Summary of the Invention

Problems to be Solved by the Invention

[0005] However, although the heated glass door of Patent Document 1 describes the configuration of the glass door itself using a transparent substrate and a heating conductor, it does not specifically suggest a power supply structure for applying a voltage, and the switching of the ON / OFF of the heating function is not specified.

[0006] Incidentally, since the primary purpose of the heating function of the glass door is to warm the interior, it is considered that the heating function is unnecessary when the glass door is open, and it is desirable to energize the glass door only when it is closed.

[0007] However, configuring the power supply to automatically perform on / off / electrical cutoff operations every time the glass door is frequently opened and closed would make the power supply structure complicated and prone to failure, and the power supply and power cutoff functions would vary due to changes in temperature and humidity, making it difficult to achieve a reliable power supply / power cutoff function that maintains a constant function at all times.

[0008] The present invention has been made in view of the above problems, and aims to provide a power supply structure that can simply energize and cut off power to the glass door in accordance with the opening and closing of the heated glass door, despite having a simple switch structure.

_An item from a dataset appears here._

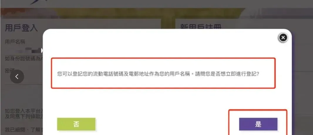 輸入”手機號碼”和”電郵”作為用戶名,成功登記電郵後,即可使用”電郵”作為用戶名登錄

Means for Solving the Problems

[0009] A power receiving connector is provided on the outermost vertical frame of the two heated glass doors configured to be openable and closable left and right by a sliding door function when the doors are closed, and a power supply connector is provided on the receiving frame at the end of the opening and closing sliding movement of the heated glass door. The power receiving and supplying action between the connectors is configured to be performed by the fitting and detachment action of the concave-convex joint body of each connector in accordance with the opening and closing operation of the heated glass door. The heated glass is composed of a Peltier element, which is a semiconductor element configured to be able to convert cooling, heating, and temperature control directly by an electric current between two glass bodies, and is interposed between the two glasses as a heating element. When the power is supplied from outside the glass door, heat is generated by the heating element to form the heated glass.

[0010] Also, the fitting surfaces of the joint bodies of each connector are tapered with respect to each other, which is also a characteristic.

Effects of the Invention

[0011] According to the present invention, a power receiving connector is provided on the outermost vertical frame at the time of closing the door in two thermo-glass doors configured to be openable and closable left and right by a sliding door function, and a power supply connector is provided on the receiving frame at the end of the opening and closing sliding of the thermo-glass door. The power receiving and supplying action between the connectors is configured to be performed by the fitting and disengaging action of the concave-convex joint body in each connector according to the opening and closing operation of the thermo-glass door. The thermo-glass is composed of a Peltier element made of a semiconductor element configured to be able to convert cooling, heating, and temperature control directly by current between two glass bodies. The Peltier element is interposed between the two glasses as a thermo-element, and when energized from outside the glass door, the thermo-element generates heat to form a thermo-glass. As a result, power supply and power cut-off to the thermo-glass can be automatically performed along with the opening and closing operation of the two thermo-glass doors, avoiding the trouble of checking the power supply and power cut-off status every time the thermo-glass is opened and closed, and ensuring that the power supply and power cut-off operations can be reliably performed, which can arouse the demand for thermo-glass doors in ordinary households and provide comfort in daily life.

[0012] Further, since the fitting surfaces of the joint bodies of each connector are tapered with respect to each other, the joint between the power receiving connector and the power supply connector can be surely performed, and the trouble of confirming the joint operation can be eliminated.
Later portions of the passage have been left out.